(Records from a dataset)
• • • • • • •

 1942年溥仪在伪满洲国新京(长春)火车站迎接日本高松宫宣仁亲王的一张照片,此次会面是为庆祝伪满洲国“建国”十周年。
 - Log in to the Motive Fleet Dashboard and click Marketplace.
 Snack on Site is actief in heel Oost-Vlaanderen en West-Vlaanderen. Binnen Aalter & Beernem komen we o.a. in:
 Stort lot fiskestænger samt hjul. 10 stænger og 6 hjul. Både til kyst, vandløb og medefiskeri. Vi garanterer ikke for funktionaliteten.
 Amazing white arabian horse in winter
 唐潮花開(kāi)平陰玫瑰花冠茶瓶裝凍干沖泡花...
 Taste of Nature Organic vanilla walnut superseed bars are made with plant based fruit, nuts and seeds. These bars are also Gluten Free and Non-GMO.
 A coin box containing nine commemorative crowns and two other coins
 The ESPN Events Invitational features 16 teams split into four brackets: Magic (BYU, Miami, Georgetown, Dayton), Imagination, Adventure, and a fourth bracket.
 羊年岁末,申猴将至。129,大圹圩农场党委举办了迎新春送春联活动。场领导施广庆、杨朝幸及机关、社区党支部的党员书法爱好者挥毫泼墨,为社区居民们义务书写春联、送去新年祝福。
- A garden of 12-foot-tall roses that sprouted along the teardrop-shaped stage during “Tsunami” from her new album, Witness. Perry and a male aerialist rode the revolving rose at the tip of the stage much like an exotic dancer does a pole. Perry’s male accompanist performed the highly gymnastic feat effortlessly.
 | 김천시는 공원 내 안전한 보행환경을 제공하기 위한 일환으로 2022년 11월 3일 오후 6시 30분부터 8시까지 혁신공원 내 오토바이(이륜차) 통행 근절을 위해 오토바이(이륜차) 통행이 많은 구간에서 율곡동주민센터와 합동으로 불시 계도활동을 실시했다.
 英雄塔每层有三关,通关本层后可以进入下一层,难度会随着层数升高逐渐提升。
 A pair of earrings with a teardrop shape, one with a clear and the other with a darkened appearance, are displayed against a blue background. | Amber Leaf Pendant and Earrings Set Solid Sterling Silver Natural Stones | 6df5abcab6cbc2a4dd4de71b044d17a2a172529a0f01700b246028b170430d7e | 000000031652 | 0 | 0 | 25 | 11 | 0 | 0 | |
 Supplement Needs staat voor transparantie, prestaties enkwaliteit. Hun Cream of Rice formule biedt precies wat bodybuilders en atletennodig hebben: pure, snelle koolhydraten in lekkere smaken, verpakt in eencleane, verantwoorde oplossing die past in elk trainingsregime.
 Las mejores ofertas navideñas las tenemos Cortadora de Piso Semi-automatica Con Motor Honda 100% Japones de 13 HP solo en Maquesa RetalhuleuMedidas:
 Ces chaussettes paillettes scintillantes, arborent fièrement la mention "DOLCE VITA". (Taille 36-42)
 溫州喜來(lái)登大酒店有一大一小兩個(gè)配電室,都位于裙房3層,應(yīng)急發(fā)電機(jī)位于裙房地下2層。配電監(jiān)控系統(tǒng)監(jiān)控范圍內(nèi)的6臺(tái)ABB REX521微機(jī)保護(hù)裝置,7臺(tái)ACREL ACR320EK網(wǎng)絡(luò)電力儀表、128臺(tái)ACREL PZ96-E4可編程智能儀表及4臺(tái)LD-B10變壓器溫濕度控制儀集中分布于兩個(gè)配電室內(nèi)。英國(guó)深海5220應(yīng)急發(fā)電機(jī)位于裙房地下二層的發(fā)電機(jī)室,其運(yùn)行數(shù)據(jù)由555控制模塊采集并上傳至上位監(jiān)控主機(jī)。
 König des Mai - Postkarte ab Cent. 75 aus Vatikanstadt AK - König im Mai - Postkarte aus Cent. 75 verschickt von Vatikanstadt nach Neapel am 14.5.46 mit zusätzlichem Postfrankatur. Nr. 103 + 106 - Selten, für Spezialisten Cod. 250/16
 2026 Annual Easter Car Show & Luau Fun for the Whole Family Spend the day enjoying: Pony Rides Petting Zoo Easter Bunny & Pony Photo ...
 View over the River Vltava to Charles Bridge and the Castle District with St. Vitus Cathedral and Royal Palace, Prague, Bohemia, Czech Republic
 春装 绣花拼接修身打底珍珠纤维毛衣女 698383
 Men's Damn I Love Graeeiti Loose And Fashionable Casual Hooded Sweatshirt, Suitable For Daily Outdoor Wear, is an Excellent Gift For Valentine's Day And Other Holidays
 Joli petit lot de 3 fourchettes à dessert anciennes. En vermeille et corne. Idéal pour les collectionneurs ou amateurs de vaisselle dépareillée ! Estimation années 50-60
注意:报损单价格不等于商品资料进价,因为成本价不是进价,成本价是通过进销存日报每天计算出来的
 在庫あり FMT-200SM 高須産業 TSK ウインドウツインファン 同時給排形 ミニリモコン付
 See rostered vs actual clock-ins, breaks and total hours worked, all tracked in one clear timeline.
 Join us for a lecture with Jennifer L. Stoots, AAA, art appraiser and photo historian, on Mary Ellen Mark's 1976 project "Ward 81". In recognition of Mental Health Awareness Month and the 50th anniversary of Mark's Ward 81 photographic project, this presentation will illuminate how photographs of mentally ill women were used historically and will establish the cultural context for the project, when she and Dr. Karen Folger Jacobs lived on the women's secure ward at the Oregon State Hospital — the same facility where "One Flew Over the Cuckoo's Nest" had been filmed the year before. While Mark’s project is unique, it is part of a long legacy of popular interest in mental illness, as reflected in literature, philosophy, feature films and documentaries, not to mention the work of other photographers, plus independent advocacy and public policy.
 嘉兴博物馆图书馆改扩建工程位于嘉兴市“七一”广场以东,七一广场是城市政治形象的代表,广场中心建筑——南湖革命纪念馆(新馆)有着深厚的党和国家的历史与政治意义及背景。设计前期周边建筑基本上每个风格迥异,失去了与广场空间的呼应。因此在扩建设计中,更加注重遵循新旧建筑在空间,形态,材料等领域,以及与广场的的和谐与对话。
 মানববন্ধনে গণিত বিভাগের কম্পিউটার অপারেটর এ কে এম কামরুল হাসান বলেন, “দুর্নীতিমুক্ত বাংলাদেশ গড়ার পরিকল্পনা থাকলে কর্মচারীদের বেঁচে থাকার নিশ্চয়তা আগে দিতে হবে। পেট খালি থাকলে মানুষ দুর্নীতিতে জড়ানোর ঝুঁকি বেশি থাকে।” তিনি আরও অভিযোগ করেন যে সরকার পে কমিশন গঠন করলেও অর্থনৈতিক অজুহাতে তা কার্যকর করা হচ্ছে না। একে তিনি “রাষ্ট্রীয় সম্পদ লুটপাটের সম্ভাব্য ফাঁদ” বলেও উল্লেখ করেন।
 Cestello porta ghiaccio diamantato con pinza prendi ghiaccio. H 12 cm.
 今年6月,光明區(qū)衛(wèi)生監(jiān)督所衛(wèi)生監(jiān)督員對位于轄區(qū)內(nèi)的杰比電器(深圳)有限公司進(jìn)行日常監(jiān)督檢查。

• • • • • • •

▶ _Task statement_: Would you transcribe the records above exactly, leaving nothing out?

▶ _Answer to this problem_:
 1942年溥仪在伪满洲国新京(长春)火车站迎接日本高松宫宣仁亲王的一张照片,此次会面是为庆祝伪满洲国“建国”十周年。
 - Log in to the Motive Fleet Dashboard and click Marketplace.
 Snack on Site is actief in heel Oost-Vlaanderen en West-Vlaanderen. Binnen Aalter & Beernem komen we o.a. in:
 Stort lot fiskestænger samt hjul. 10 stænger og 6 hjul. Både til kyst, vandløb og medefiskeri. Vi garanterer ikke for funktionaliteten.
 Amazing white arabian horse in winter
 唐潮花開(kāi)平陰玫瑰花冠茶瓶裝凍干沖泡花...
 Taste of Nature Organic vanilla walnut superseed bars are made with plant based fruit, nuts and seeds. These bars are also Gluten Free and Non-GMO.
 A coin box containing nine commemorative crowns and two other coins
 The ESPN Events Invitational features 16 teams split into four brackets: Magic (BYU, Miami, Georgetown, Dayton), Imagination, Adventure, and a fourth bracket.
 羊年岁末,申猴将至。129,大圹圩农场党委举办了迎新春送春联活动。场领导施广庆、杨朝幸及机关、社区党支部的党员书法爱好者挥毫泼墨,为社区居民们义务书写春联、送去新年祝福。
- A garden of 12-foot-tall roses that sprouted along the teardrop-shaped stage during “Tsunami” from her new album, Witness. Perry and a male aerialist rode the revolving rose at the tip of the stage much like an exotic dancer does a pole. Perry’s male accompanist performed the highly gymnastic feat effortlessly.
 | 김천시는 공원 내 안전한 보행환경을 제공하기 위한 일환으로 2022년 11월 3일 오후 6시 30분부터 8시까지 혁신공원 내 오토바이(이륜차) 통행 근절을 위해 오토바이(이륜차) 통행이 많은 구간에서 율곡동주민센터와 합동으로 불시 계도활동을 실시했다.
 英雄塔每层有三关,通关本层后可以进入下一层,难度会随着层数升高逐渐提升。
 A pair of earrings with a teardrop shape, one with a clear and the other with a darkened appearance, are displayed against a blue background. | Amber Leaf Pendant and Earrings Set Solid Sterling Silver Natural Stones | 6df5abcab6cbc2a4dd4de71b044d17a2a172529a0f01700b246028b170430d7e | 000000031652 | 0 | 0 | 25 | 11 | 0 | 0 | |
 Supplement Needs staat voor transparantie, prestaties enkwaliteit. Hun Cream of Rice formule biedt precies wat bodybuilders en atletennodig hebben: pure, snelle koolhydraten in lekkere smaken, verpakt in eencleane, verantwoorde oplossing die past in elk trainingsregime.
 Las mejores ofertas navideñas las tenemos Cortadora de Piso Semi-automatica Con Motor Honda 100% Japones de 13 HP solo en Maquesa RetalhuleuMedidas:
 Ces chaussettes paillettes scintillantes, arborent fièrement la mention "DOLCE VITA". (Taille 36-42)
 溫州喜來(lái)登大酒店有一大一小兩個(gè)配電室,都位于裙房3層,應(yīng)急發(fā)電機(jī)位于裙房地下2層。配電監(jiān)控系統(tǒng)監(jiān)控范圍內(nèi)的6臺(tái)ABB REX521微機(jī)保護(hù)裝置,7臺(tái)ACREL ACR320EK網(wǎng)絡(luò)電力儀表、128臺(tái)ACREL PZ96-E4可編程智能儀表及4臺(tái)LD-B10變壓器溫濕度控制儀集中分布于兩個(gè)配電室內(nèi)。英國(guó)深海5220應(yīng)急發(fā)電機(jī)位于裙房地下二層的發(fā)電機(jī)室,其運(yùn)行數(shù)據(jù)由555控制模塊采集并上傳至上位監(jiān)控主機(jī)。
 König des Mai - Postkarte ab Cent. 75 aus Vatikanstadt AK - König im Mai - Postkarte aus Cent. 75 verschickt von Vatikanstadt nach Neapel am 14.5.46 mit zusätzlichem Postfrankatur. Nr. 103 + 106 - Selten, für Spezialisten Cod. 250/16
 2026 Annual Easter Car Show & Luau Fun for the Whole Family Spend the day enjoying: Pony Rides Petting Zoo Easter Bunny & Pony Photo ...
 View over the River Vltava to Charles Bridge and the Castle District with St. Vitus Cathedral and Royal Palace, Prague, Bohemia, Czech Republic
 春装 绣花拼接修身打底珍珠纤维毛衣女 698383
 Men's Damn I Love Graeeiti Loose And Fashionable Casual Hooded Sweatshirt, Suitable For Daily Outdoor Wear, is an Excellent Gift For Valentine's Day And Other Holidays
 Joli petit lot de 3 fourchettes à dessert anciennes. En vermeille et corne. Idéal pour les collectionneurs ou amateurs de vaisselle dépareillée ! Estimation années 50-60
注意:报损单价格不等于商品资料进价,因为成本价不是进价,成本价是通过进销存日报每天计算出来的
 在庫あり FMT-200SM 高須産業 TSK ウインドウツインファン 同時給排形 ミニリモコン付
 See rostered vs actual clock-ins, breaks and total hours worked, all tracked in one clear timeline.
 Join us for a lecture with Jennifer L. Stoots, AAA, art appraiser and photo historian, on Mary Ellen Mark's 1976 project "Ward 81". In recognition of Mental Health Awareness Month and the 50th anniversary of Mark's Ward 81 photographic project, this presentation will illuminate how photographs of mentally ill women were used historically and will establish the cultural context for the project, when she and Dr. Karen Folger Jacobs lived on the women's secure ward at the Oregon State Hospital — the same facility where "One Flew Over the Cuckoo's Nest" had been filmed the year before. While Mark’s project is unique, it is part of a long legacy of popular interest in mental illness, as reflected in literature, philosophy, feature films and documentaries, not to mention the work of other photographers, plus independent advocacy and public policy.
 嘉兴博物馆图书馆改扩建工程位于嘉兴市“七一”广场以东,七一广场是城市政治形象的代表,广场中心建筑——南湖革命纪念馆(新馆)有着深厚的党和国家的历史与政治意义及背景。设计前期周边建筑基本上每个风格迥异,失去了与广场空间的呼应。因此在扩建设计中,更加注重遵循新旧建筑在空间,形态,材料等领域,以及与广场的的和谐与对话。
 মানববন্ধনে গণিত বিভাগের কম্পিউটার অপারেটর এ কে এম কামরুল হাসান বলেন, “দুর্নীতিমুক্ত বাংলাদেশ গড়ার পরিকল্পনা থাকলে কর্মচারীদের বেঁচে থাকার নিশ্চয়তা আগে দিতে হবে। পেট খালি থাকলে মানুষ দুর্নীতিতে জড়ানোর ঝুঁকি বেশি থাকে।” তিনি আরও অভিযোগ করেন যে সরকার পে কমিশন গঠন করলেও অর্থনৈতিক অজুহাতে তা কার্যকর করা হচ্ছে না। একে তিনি “রাষ্ট্রীয় সম্পদ লুটপাটের সম্ভাব্য ফাঁদ” বলেও উল্লেখ করেন।
 Cestello porta ghiaccio diamantato con pinza prendi ghiaccio. H 12 cm.
 今年6月,光明區(qū)衛(wèi)生監(jiān)督所衛(wèi)生監(jiān)督員對位于轄區(qū)內(nèi)的杰比電器(深圳)有限公司進(jìn)行日常監(jiān)督檢查。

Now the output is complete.